2 Materials and methods

2.1 Materials

The used Fe (II)-triazole complexes and composite materials were synthesized by using the following purchased chemicals without further purifying them: Iron(II)-Chloridetetrahydrate (\(\text {FeCl}_{2} \cdot 4 \text {H}_{2}\text {O})\) (>99 %) from Sigma-Aldrich (St. Louis, MO, USA); l-Ascorbic acid (>99 %) from Carl Roth; 4-Amino-1,2,4-Triazole (99 %) purchased from Thermo Scientific (Waltham, MA, USA); Iron(II)-Tetrafluoroborate hexahydrate from Sigma-Aldrich (Sr. Louis, MO, USA); Sodium 2-Naphthalenesulfonate (98%) from Alfa Aesar (Haverhill, MA, USA); polyacrylonitrile (PAN) 150,000Mw and Polystyrene (PS) from Sigma-Aldrich (St. Louis, MO, USA); and N,N-Dimethylformamide (DMF) from Carl Roth.

2.2 Characterization

Infrared spectroscopy was performed to gain information about the molecular structure of the complex, polymer and composite. For this, a Perkin Elmer Spectrum Two spectrometer was used the ATR method in the range between 500 and \({4000}\,\text {cm}^{-1}\).

The UV/VIS was performed using a Lambda 650S from Perkin Elmer from 800 to 250 nm in 1 nm steps. The composite materials were placed in the reflectance sample holder of the 150 mm integrating sphere with a heater behind it to increase the temperature of the sample up to the spin transition, to determine if the spin transition occurs.

CNH elemental analysis was performed using a Perkin-Elmer 2400 II CNH analyzer. Mössbauer measurements were carried out in transmission geometry with a modified miniaturized Mössbauer Spectrometer MIMOS II (Space and Earth Science Instrumentation) at room temperature. The measured Mössbauer spectra were recorded in transmission and the gamma radiation source consisted of \({}^{57}\text {Co}\) nuclei in a Rh matrix. The measurements were recorded with 14.4 kV and all isomer shifts were given relative to \(\upalpha \)-Fe.

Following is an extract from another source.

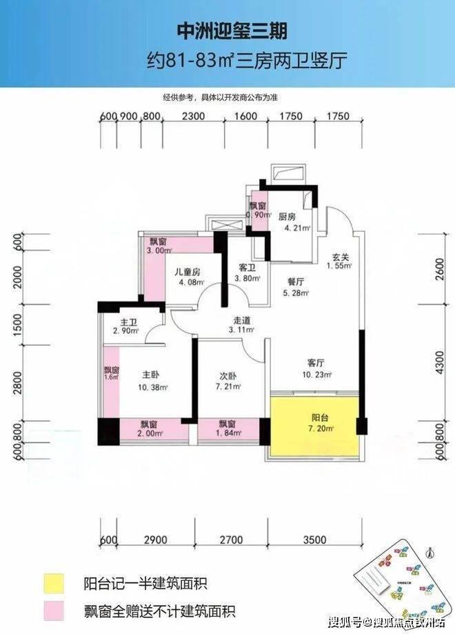 该户型为竖厅格局设计,主卧和儿童房均采用双飘窗设计,增加了室内空间的灵活性和舒适性,采光通风较好,且82㎡可以做到3个卧室、2个卫生间,这个使用率在市面上属于上乘。

Magnetic data was acquired with the help of the SQUID magnetometer (MPMS3, Quantum Design) at the vsm data taking modes. DC magnetic susceptibility was taken at BDC = 0.1 T (for all samples) and addiotionally in one case at BDC = 0.5 T (PAN foil with \([\text {Fe}(\text {atrz})_{3}]\text {Cl}_{1.5}(\text {BF}_{4})_{0.5}\) between 2 and 300 K (for \([\text {Fe}(\text {atrz})_{3}]\text {Cl}_{1.5}(\text {BF}_{4})_{0.5}\) and PS with \([\text {Fe}(\text {atrz})_{3}]\text {Cl}_{1.5}(\text {BF}_{4})_{0.5}\), 2 and 340 K \(([\text {Fe}(\text {atrz})_{3}]\text {Cl}_{1.5} (\text {BF}_{4})_{0.5})\) and 2 and 400 K (PAN foil with [Fe(atrz)3](2 ns)2).

To further homogenize one of the composite mixtures, a Fisherbrand Homogenizer 150 was used.

The transmission measurements were performed with an OXXIUS L6CC-CSB-2510 laser system and a THORLABS PM200 Touch Screen Power and Energy Meter Console. An adjustable power supply (VOLTCRAFT LRP-1363) and Peltier element (to heat the samples) were also used. A schematic of the transmission measurement is shown in Fig. 1.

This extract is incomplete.